### [What is expected]
Directions for the data below: repeat exactly the lines from the one with "Бронзовые ретро римские" through the one with "Detalhes: Modelo confeccionado", both included, and omit all pictures.

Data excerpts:
▼▼▼

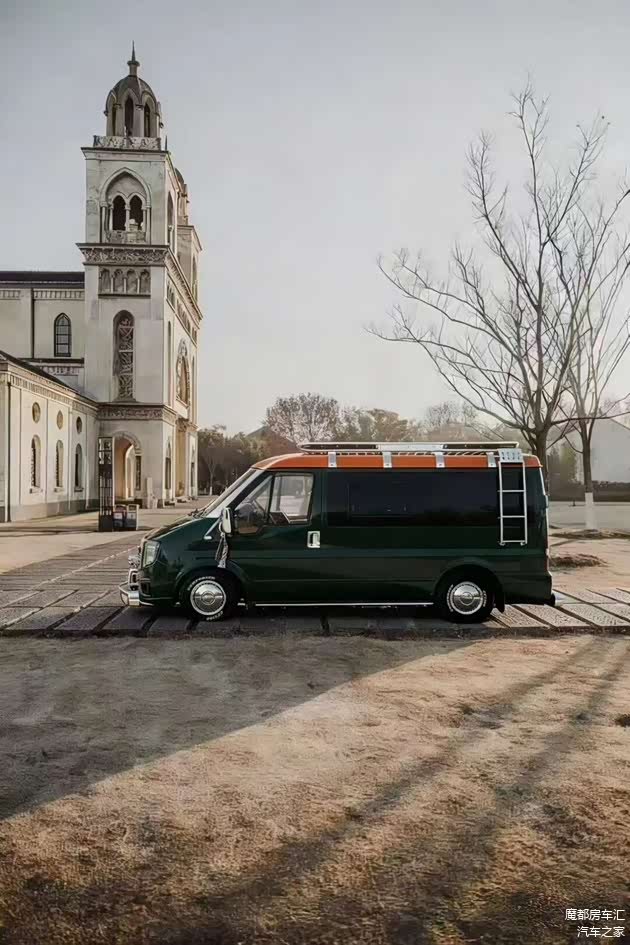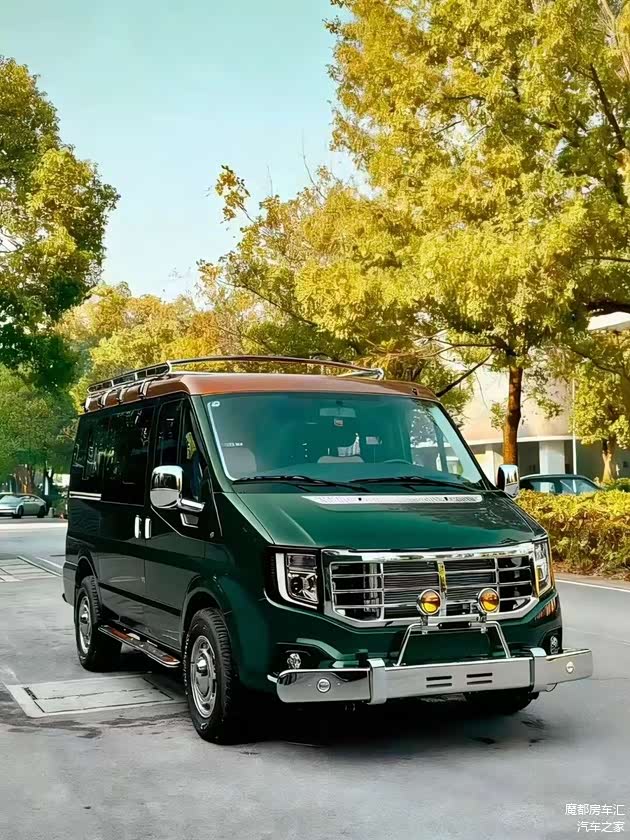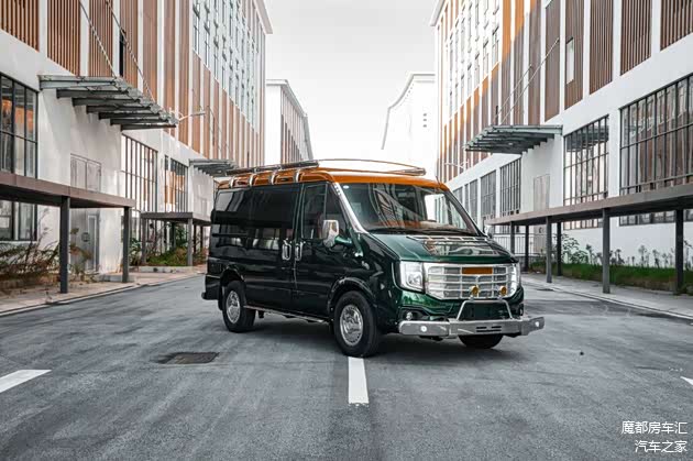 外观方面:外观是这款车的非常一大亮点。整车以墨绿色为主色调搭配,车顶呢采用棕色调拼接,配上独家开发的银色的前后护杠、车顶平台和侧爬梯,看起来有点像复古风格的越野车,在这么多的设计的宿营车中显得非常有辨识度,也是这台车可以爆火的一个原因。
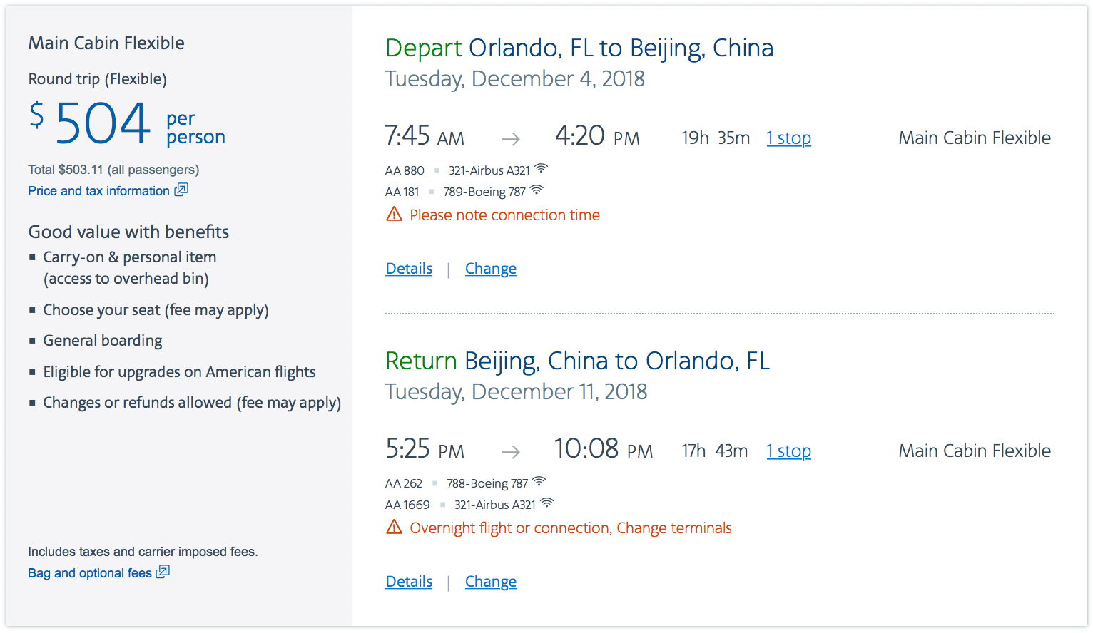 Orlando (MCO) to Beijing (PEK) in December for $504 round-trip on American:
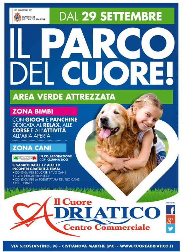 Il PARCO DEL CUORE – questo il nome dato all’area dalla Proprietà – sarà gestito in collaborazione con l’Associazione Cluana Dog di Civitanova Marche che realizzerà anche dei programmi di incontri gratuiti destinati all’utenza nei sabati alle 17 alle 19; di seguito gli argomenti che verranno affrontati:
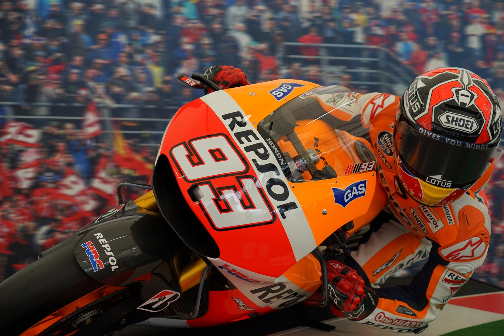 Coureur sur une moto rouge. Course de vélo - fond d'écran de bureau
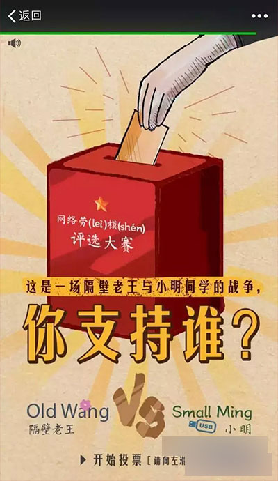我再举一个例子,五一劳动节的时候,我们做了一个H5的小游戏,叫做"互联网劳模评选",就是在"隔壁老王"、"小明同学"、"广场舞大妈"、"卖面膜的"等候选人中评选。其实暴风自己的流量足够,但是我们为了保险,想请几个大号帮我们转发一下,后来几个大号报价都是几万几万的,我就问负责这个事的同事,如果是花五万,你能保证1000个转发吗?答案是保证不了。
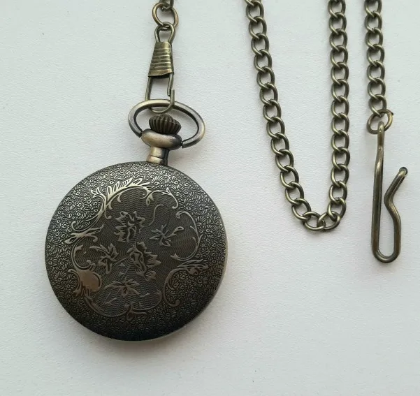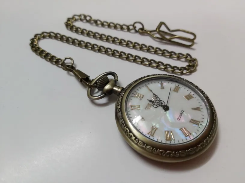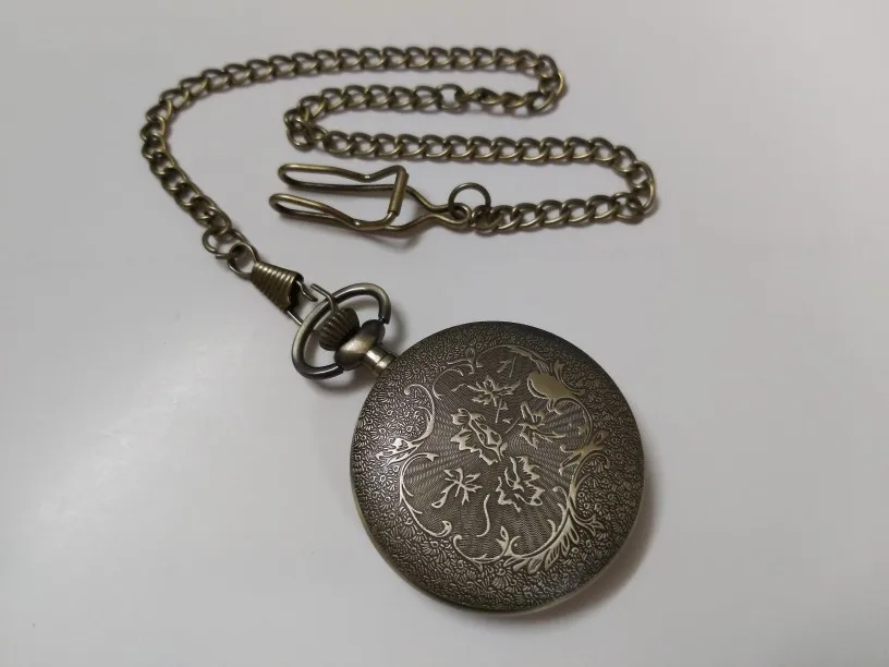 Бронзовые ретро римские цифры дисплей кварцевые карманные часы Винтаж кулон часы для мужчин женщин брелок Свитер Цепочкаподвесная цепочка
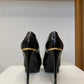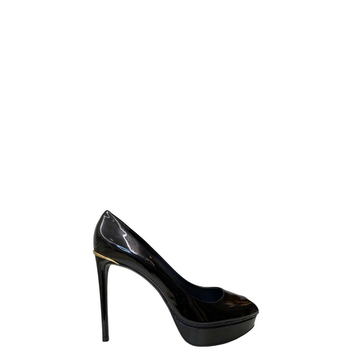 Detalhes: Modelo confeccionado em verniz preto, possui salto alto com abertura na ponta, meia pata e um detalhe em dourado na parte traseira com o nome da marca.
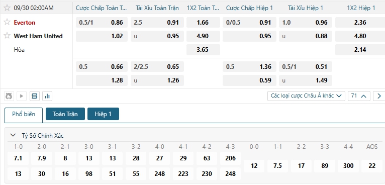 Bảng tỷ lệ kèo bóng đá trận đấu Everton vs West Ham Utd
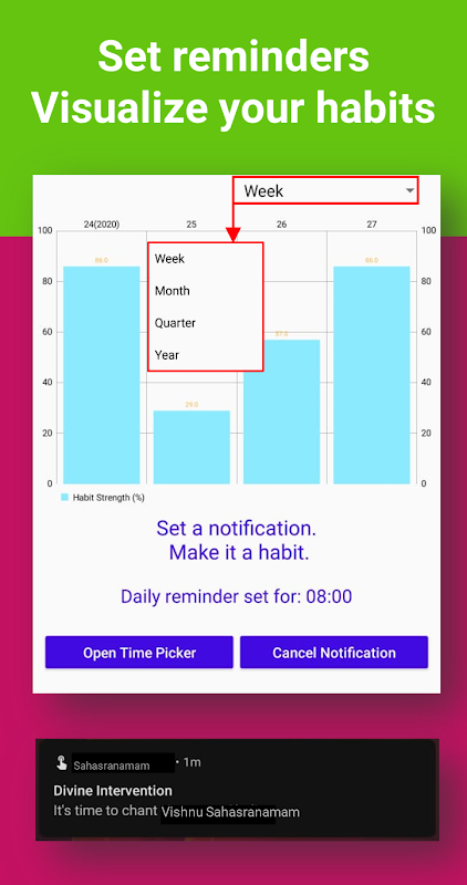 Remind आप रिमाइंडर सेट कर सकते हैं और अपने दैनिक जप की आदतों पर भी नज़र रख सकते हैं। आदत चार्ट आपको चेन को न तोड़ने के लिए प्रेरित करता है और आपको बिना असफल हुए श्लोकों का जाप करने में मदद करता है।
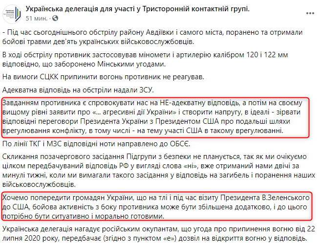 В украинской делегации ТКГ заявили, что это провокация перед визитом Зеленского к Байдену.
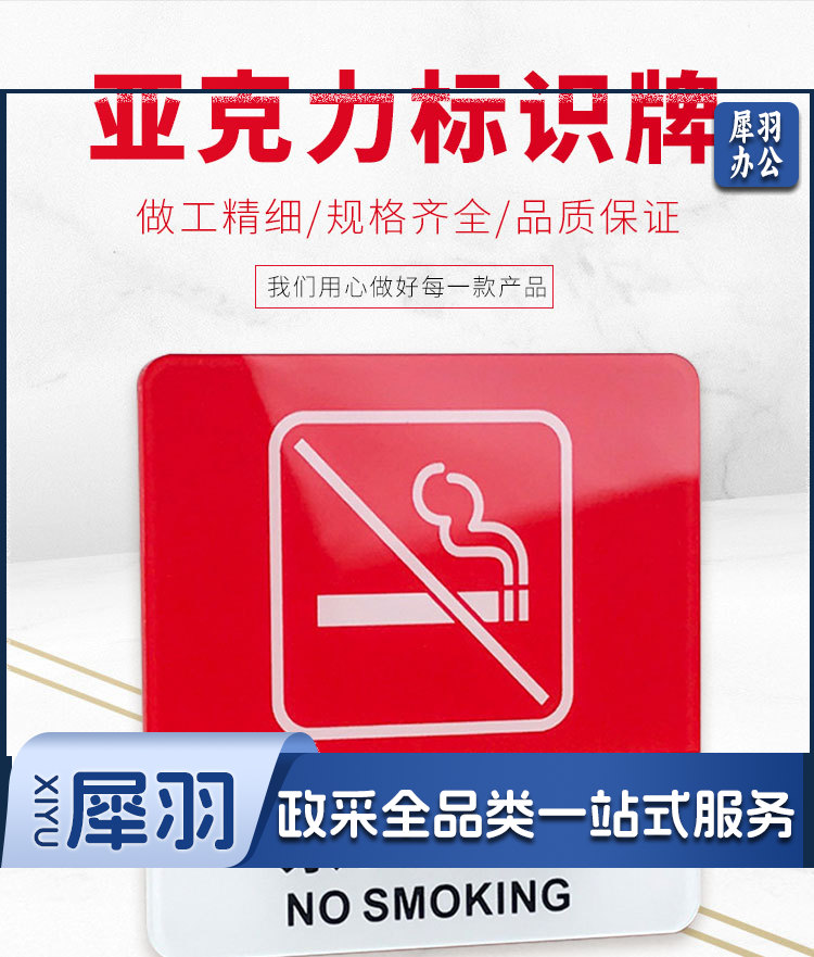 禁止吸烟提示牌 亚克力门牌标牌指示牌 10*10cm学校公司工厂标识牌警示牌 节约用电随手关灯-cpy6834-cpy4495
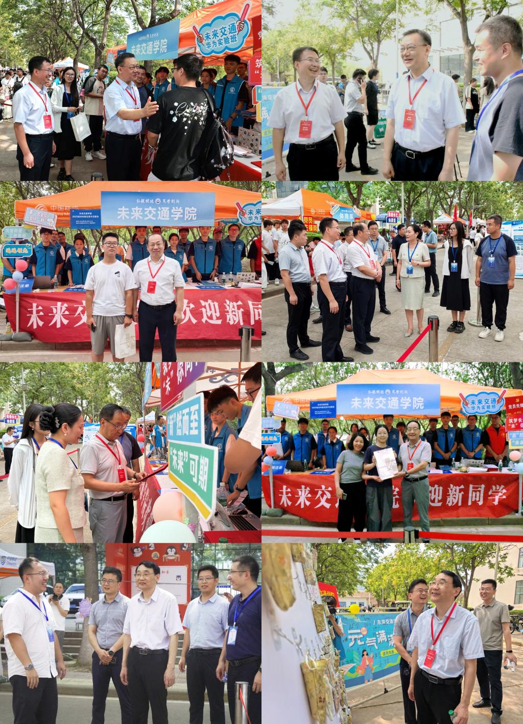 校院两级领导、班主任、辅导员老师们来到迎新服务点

▲▲▲

### [Solution to the problem]
 Бронзовые ретро римские цифры дисплей кварцевые карманные часы Винтаж кулон часы для мужчин женщин брелок Свитер Цепочкаподвесная цепочка
 Detalhes: Modelo confeccionado em verniz preto, possui salto alto com abertura na ponta, meia pata e um detalhe em dourado na parte traseira com o nome da marca.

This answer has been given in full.